Italian coffee-based dessert

Affogato (/ˌɑːfəˈɡɑːtoʊ, ˌæf-/), or more fully affogato al caffè (lit. 'drowned in coffee'), is an Italian dessert comprising a scoop of gelato, either fiordilatte (plain milk-flavored) or vanilla, topped with espresso. Some variations add a shot of amaretto, bicerin, Kahlúa, or other liqueur.

== Variations ==
Cafés usually serve the affogato in a tall glass with a narrow bottom, allowing the gelato to melt and combine with the espresso at the bottom of the glass. Occasionally, coconut, berries, honeycomb, and multiple flavors of gelato are added. Biscotti can also be served alongside.
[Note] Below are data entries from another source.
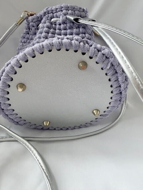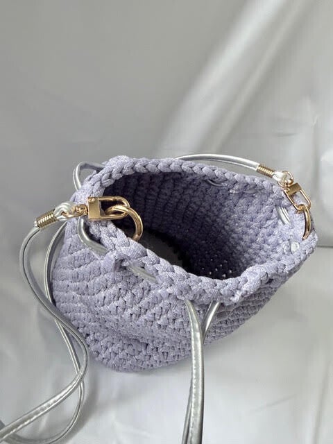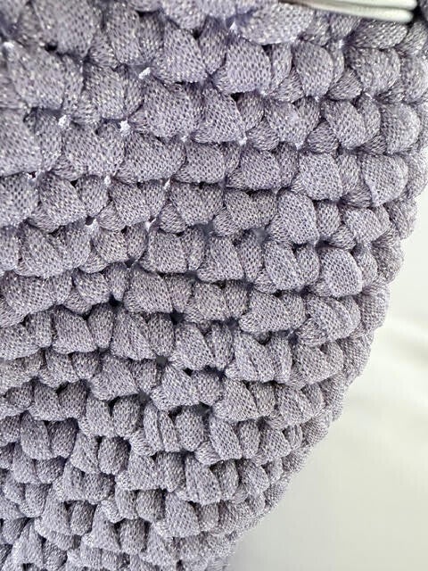Lilac colour bag with glitter effect in the T-Shirt yarn.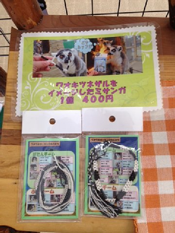 ワオキツネザルが大好きな担当者が、コツコツ丹精込めて手作りしたミサンガ。このミサンガをすればどんな願いもきっと願いが叶う(?)事でしょう。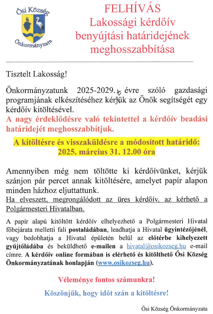 RENDELÉSI IDŐ 2017. január 1-jétől:

In Italy the affogato is often categorized as a dessert, while outside of Italy restaurants and cafés categorize it as a beverage. Affogatos are often consumed as a post-meal coffee-dessert combo eaten with a spoon or drunk with a straw.

While the recipe of the affogato is more or less standard in Italy, consisting of a scoop of fiordilatte (plain milk-flavored) or vanilla gelato topped with a shot of espresso, variations exist in European and North American restaurants.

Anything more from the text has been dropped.